**Assignment**
For this exercise, write out the whole listing below exactly, omitting its images.
*** Opening Given material ***
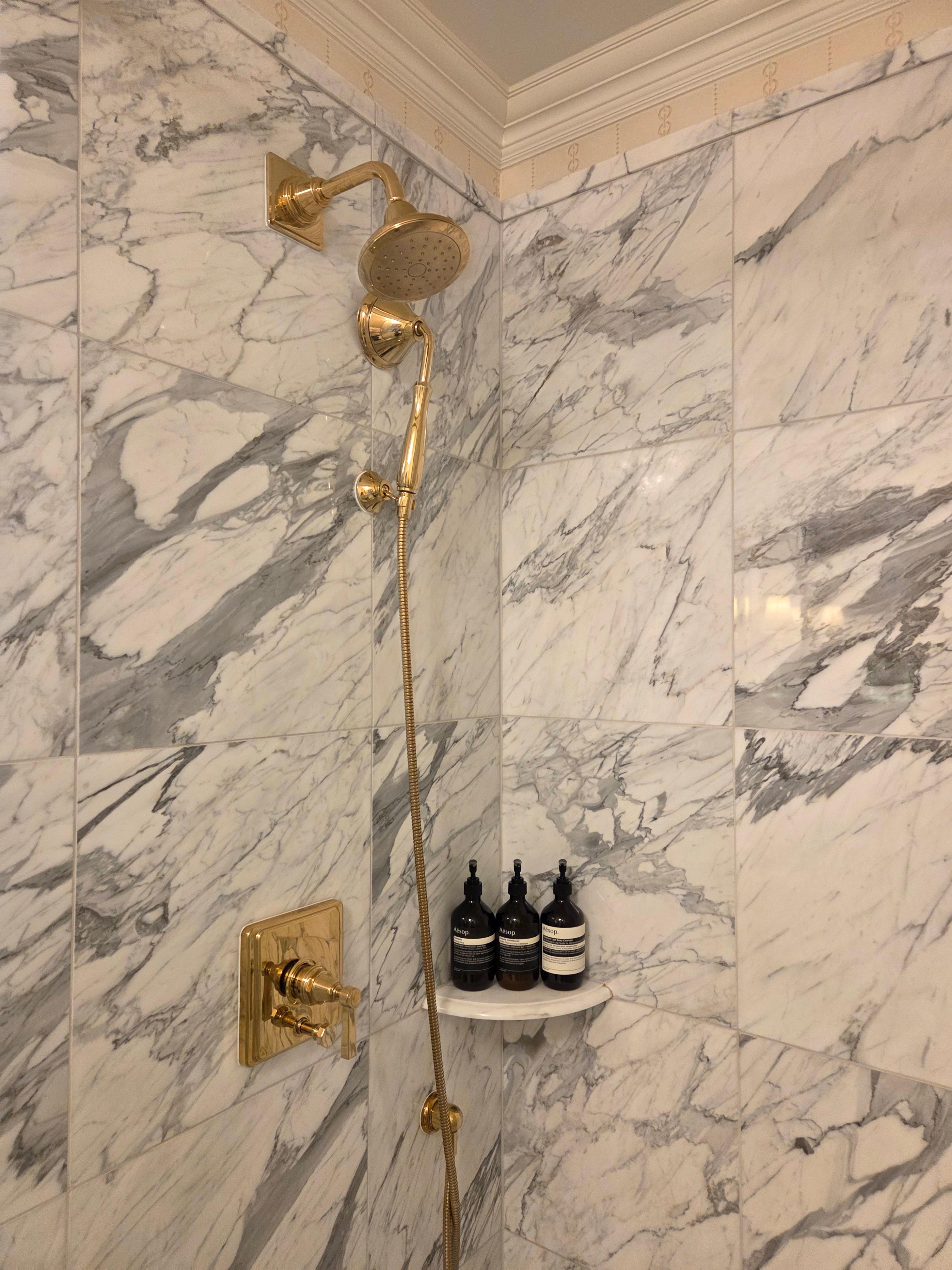 월도프 아스토리아 워싱턴 DC 디럭스 킹 베드룸 화장실 화장실은 어두운 대리석과 무늬가 선명한 대리석, 흰색과 골드톤을 사용해 상대적으로 톤 다운된 느낌을 주는 침실에 비해 화려한 인테리어를 자랑했습니다. 세면대는 2개가 있어서 2명이 동시에 양치를 하기에는 편했지만 변기가 세면대 바로 뒤 오픈된 공간에 위치하고 있어 2명이 동시에 화장실을 사용하기에는 조금 어려워 보였습니다. 샤워 부스는 타일 대신 대리석으로 마감되어 고급스러웠고 수압과 온수 모두 너무 잘 나와서 즐거운 샤워를 즐길 수 있었습니다.
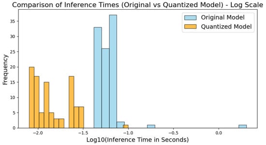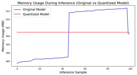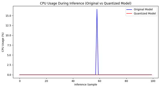 Figure 16 depicts the CPU utilization of the original and quantized models during inference. The results show that the quantized model has virtually negligible CPU usage during inference, whereas the original model exhibits noticeable CPU usage peaks for some inference samples. This indicates that the quantized model utilizes CPU resources more efficiently during execution, avoiding substantial CPU load and making it more suitable for resource-limited applications on edge devices.
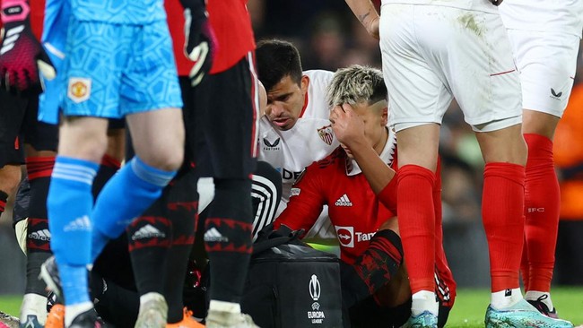 Jakarta - Dua pemain Sevilla dengan sigap bantu memapah bek Manchester United Lisandro Martinez yang tampaknya mengalami cedera cukup parah. Begini momennya.
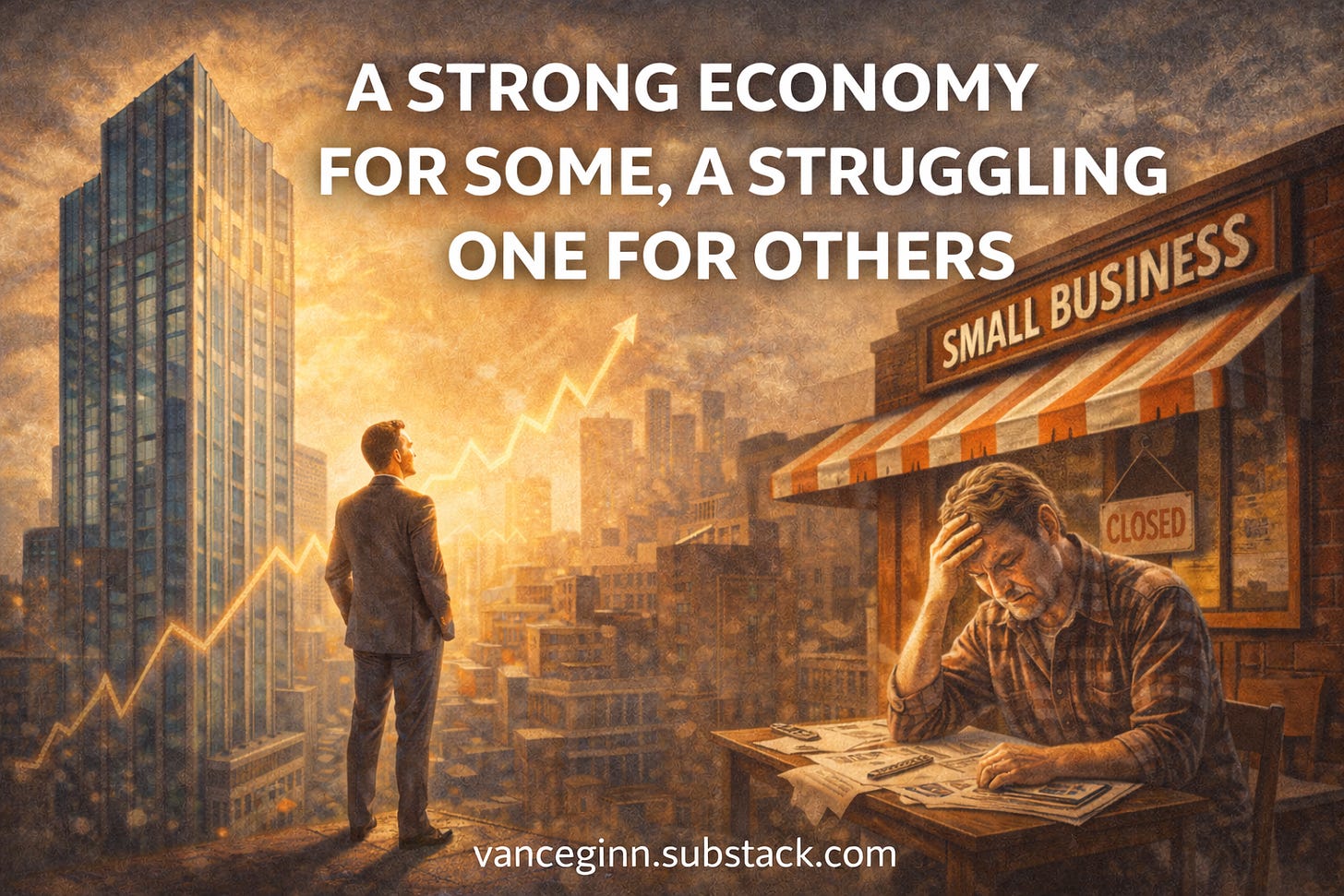 If you read the economic headlines alone, the economy looks fine. Real GDP grew again in the third quarter. Consumer spending held up. Corporate earnings—especially among large firms—remain strong.
*** Closing Given material ***
**Task answer**
 월도프 아스토리아 워싱턴 DC 디럭스 킹 베드룸 화장실 화장실은 어두운 대리석과 무늬가 선명한 대리석, 흰색과 골드톤을 사용해 상대적으로 톤 다운된 느낌을 주는 침실에 비해 화려한 인테리어를 자랑했습니다. 세면대는 2개가 있어서 2명이 동시에 양치를 하기에는 편했지만 변기가 세면대 바로 뒤 오픈된 공간에 위치하고 있어 2명이 동시에 화장실을 사용하기에는 조금 어려워 보였습니다. 샤워 부스는 타일 대신 대리석으로 마감되어 고급스러웠고 수압과 온수 모두 너무 잘 나와서 즐거운 샤워를 즐길 수 있었습니다.
 Figure 16 depicts the CPU utilization of the original and quantized models during inference. The results show that the quantized model has virtually negligible CPU usage during inference, whereas the original model exhibits noticeable CPU usage peaks for some inference samples. This indicates that the quantized model utilizes CPU resources more efficiently during execution, avoiding substantial CPU load and making it more suitable for resource-limited applications on edge devices.
 Jakarta - Dua pemain Sevilla dengan sigap bantu memapah bek Manchester United Lisandro Martinez yang tampaknya mengalami cedera cukup parah. Begini momennya.
 If you read the economic headlines alone, the economy looks fine. Real GDP grew again in the third quarter. Consumer spending held up. Corporate earnings—especially among large firms—remain strong.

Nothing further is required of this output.